## Task brief
A faithful copy is needed of the lines below from the one with "Рецепт нежного ароматного" up to and including the one with "圖4中的AB段是油氣井在外界"; set it down with no pictures and no other lines.
╭─ Supplied records
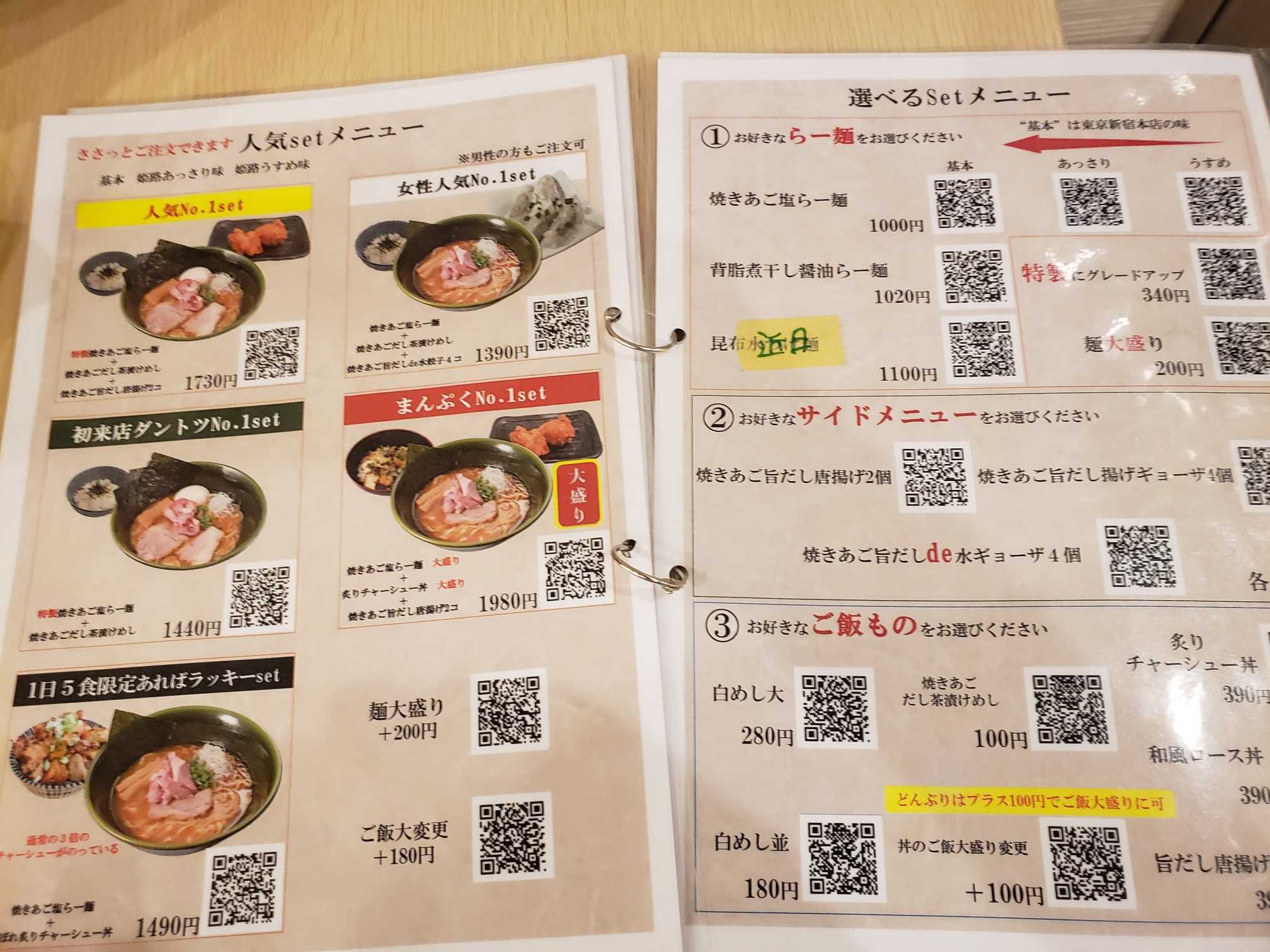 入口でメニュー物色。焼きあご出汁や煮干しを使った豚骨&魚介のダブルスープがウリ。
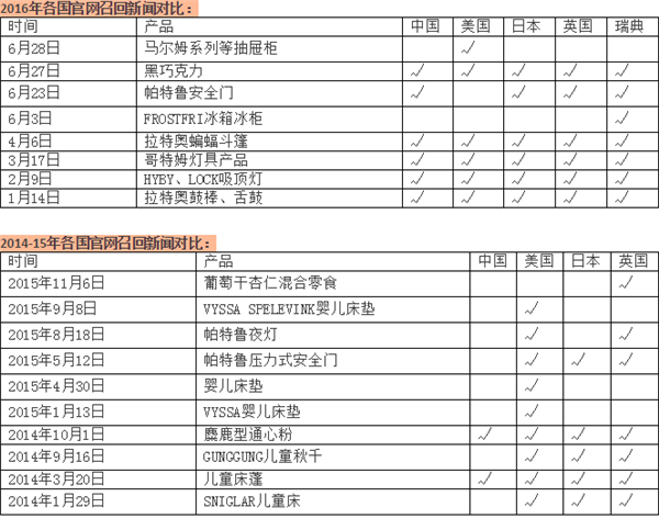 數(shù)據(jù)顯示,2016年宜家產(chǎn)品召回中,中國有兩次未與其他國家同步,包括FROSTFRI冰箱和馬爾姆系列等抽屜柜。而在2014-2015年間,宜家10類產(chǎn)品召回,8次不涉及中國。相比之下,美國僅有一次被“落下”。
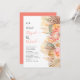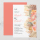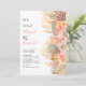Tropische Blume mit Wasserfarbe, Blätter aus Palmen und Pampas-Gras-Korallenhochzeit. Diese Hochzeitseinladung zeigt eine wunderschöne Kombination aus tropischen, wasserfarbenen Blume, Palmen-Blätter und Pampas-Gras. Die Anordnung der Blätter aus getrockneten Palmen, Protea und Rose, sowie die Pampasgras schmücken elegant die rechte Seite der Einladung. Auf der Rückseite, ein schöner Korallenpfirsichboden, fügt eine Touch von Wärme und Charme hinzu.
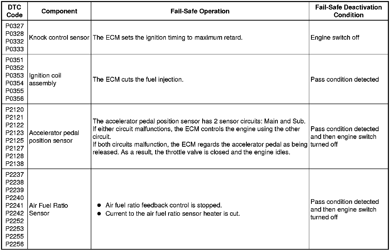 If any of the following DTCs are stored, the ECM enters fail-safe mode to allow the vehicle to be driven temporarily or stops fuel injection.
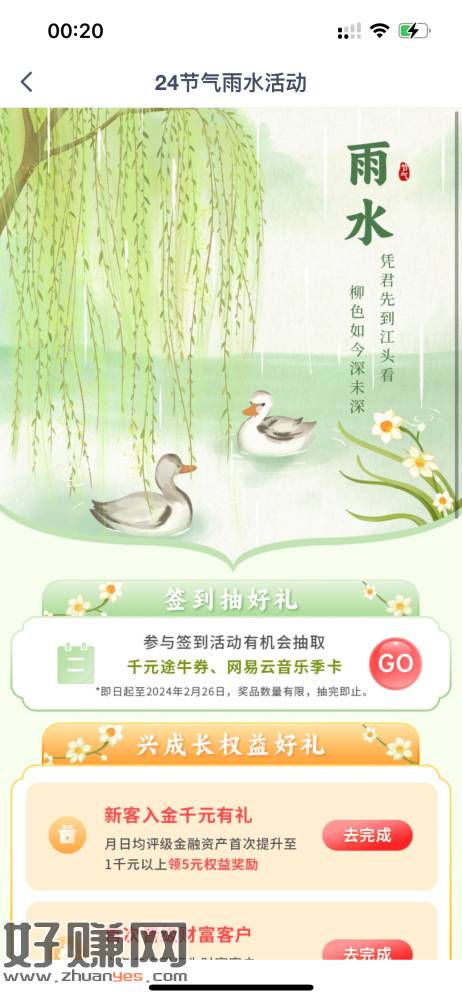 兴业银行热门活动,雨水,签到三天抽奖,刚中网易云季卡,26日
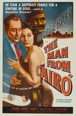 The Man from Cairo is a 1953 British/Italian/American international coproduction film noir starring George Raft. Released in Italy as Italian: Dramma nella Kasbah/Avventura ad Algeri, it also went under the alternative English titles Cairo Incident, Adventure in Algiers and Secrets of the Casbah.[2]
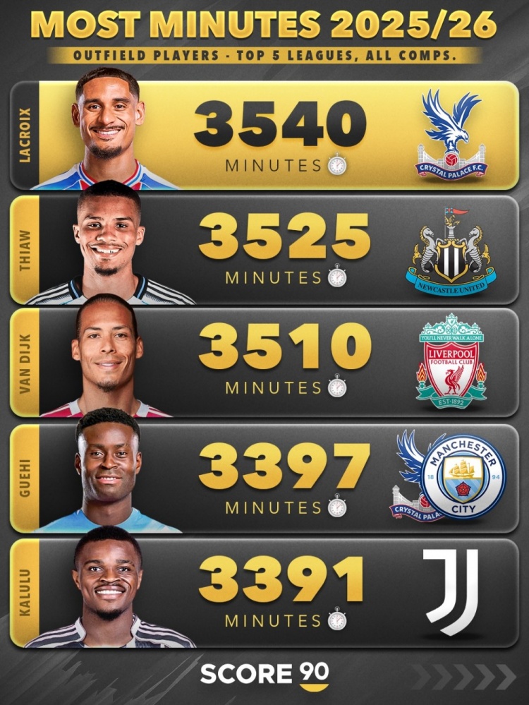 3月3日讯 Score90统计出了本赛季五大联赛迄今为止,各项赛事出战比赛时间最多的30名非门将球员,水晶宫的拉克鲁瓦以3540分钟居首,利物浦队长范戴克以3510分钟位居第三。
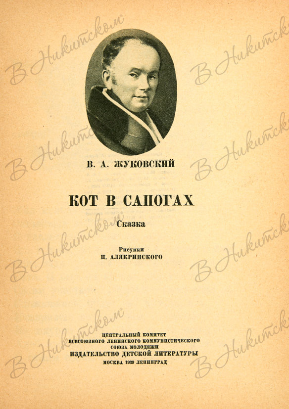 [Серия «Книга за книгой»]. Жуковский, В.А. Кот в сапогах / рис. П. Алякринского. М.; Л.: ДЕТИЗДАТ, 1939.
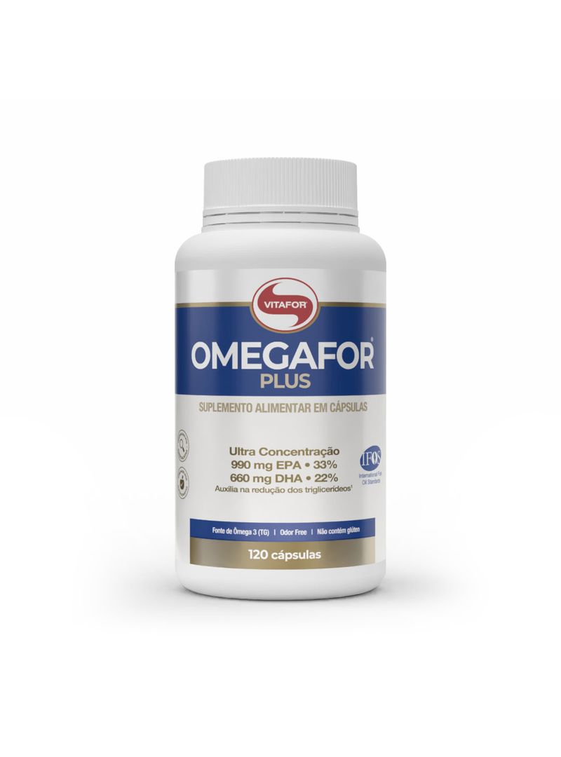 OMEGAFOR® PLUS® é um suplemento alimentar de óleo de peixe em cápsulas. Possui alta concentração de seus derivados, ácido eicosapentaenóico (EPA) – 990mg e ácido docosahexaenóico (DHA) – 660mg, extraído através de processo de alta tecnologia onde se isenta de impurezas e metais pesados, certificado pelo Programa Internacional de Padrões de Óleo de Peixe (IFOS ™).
╰─
╭─ Supplied records
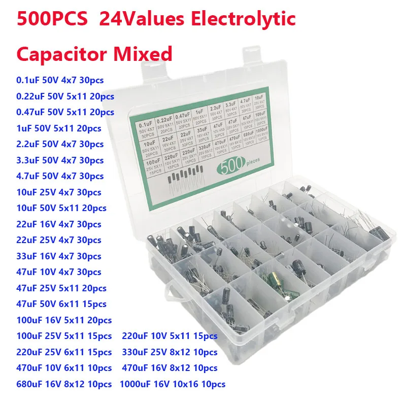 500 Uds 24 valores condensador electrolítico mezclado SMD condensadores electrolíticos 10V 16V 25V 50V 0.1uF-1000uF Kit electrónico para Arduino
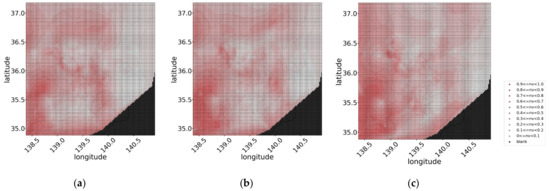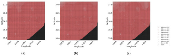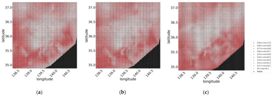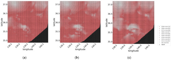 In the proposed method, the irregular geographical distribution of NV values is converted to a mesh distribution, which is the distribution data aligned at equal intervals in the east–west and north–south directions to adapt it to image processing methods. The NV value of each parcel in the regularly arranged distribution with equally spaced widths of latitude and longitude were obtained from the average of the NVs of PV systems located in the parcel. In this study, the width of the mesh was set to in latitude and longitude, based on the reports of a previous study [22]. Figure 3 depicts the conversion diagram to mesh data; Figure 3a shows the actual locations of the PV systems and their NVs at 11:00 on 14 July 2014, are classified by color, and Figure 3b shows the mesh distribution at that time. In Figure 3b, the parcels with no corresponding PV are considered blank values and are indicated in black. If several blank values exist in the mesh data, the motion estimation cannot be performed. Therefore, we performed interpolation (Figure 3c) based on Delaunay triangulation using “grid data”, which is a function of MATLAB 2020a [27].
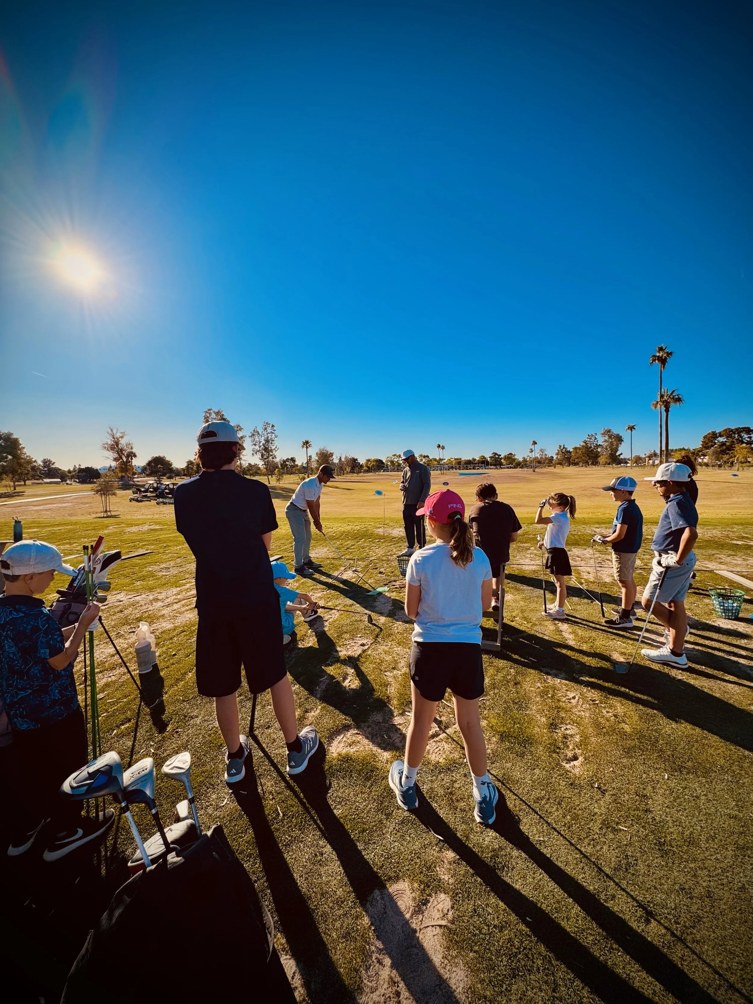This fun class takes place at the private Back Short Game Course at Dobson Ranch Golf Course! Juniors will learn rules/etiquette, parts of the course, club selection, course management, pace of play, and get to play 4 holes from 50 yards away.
╰─
╭─ Supplied records
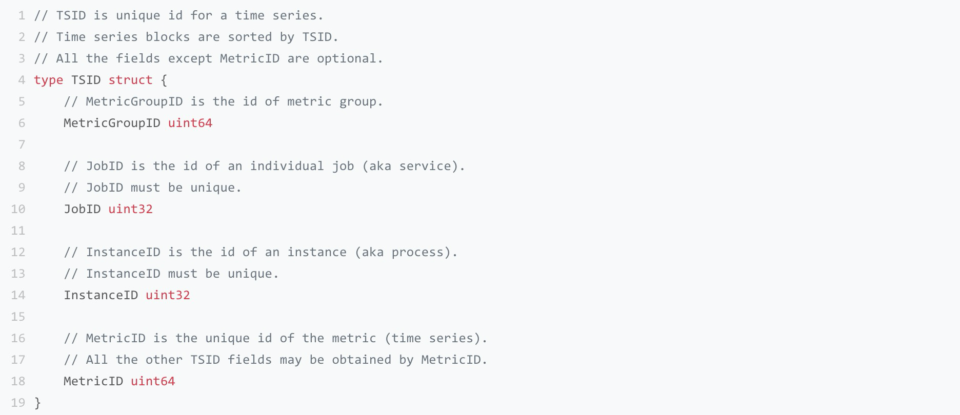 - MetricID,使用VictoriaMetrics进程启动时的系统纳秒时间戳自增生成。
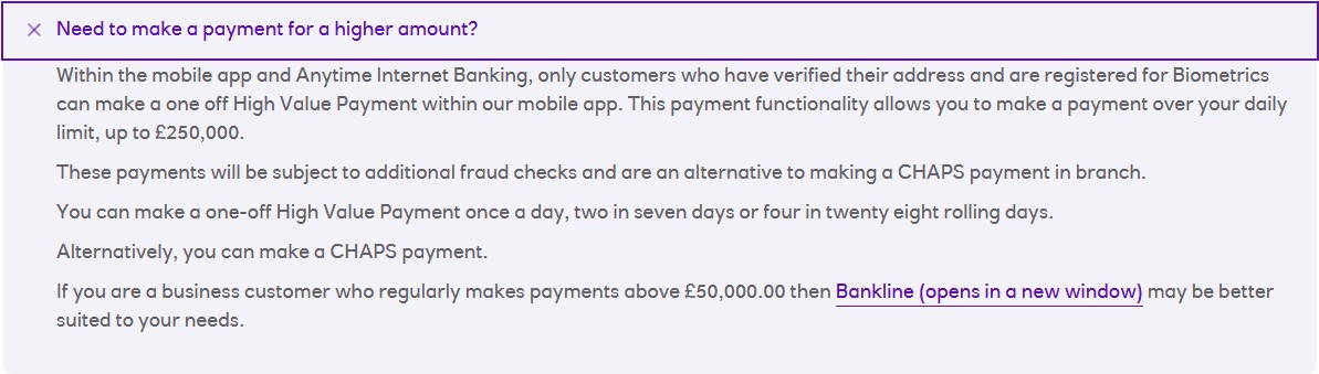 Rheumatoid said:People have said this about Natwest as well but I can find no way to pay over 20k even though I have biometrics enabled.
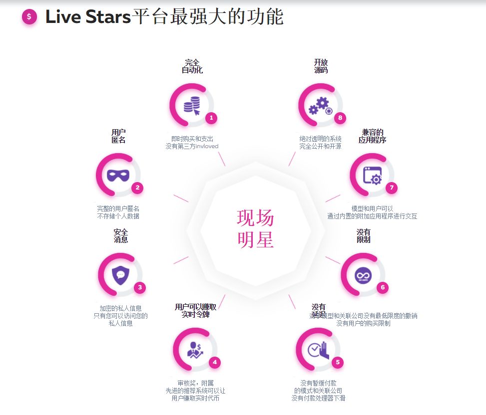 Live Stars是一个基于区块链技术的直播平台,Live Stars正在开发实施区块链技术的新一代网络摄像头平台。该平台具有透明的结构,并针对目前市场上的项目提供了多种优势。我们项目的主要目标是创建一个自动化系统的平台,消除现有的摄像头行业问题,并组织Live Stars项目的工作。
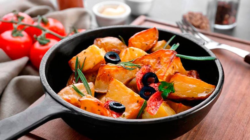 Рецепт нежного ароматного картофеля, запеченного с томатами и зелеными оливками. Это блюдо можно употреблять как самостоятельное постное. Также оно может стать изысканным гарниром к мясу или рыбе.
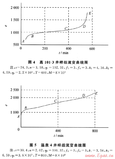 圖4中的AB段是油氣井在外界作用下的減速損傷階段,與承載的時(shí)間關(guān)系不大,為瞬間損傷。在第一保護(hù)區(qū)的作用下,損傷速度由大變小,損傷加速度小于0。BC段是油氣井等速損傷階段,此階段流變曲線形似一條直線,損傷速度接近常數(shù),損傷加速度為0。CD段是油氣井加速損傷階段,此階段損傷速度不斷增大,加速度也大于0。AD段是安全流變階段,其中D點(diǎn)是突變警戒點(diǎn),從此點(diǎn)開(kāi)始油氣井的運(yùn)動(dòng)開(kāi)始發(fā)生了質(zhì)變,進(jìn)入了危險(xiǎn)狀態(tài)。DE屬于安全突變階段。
╰─
## Solution
 Рецепт нежного ароматного картофеля, запеченного с томатами и зелеными оливками. Это блюдо можно употреблять как самостоятельное постное. Также оно может стать изысканным гарниром к мясу или рыбе.
 圖4中的AB段是油氣井在外界作用下的減速損傷階段,與承載的時(shí)間關(guān)系不大,為瞬間損傷。在第一保護(hù)區(qū)的作用下,損傷速度由大變小,損傷加速度小于0。BC段是油氣井等速損傷階段,此階段流變曲線形似一條直線,損傷速度接近常數(shù),損傷加速度為0。CD段是油氣井加速損傷階段,此階段損傷速度不斷增大,加速度也大于0。AD段是安全流變階段,其中D點(diǎn)是突變警戒點(diǎn),從此點(diǎn)開(kāi)始油氣井的運(yùn)動(dòng)開(kāi)始發(fā)生了質(zhì)變,進(jìn)入了危險(xiǎn)狀態(tài)。DE屬于安全突變階段。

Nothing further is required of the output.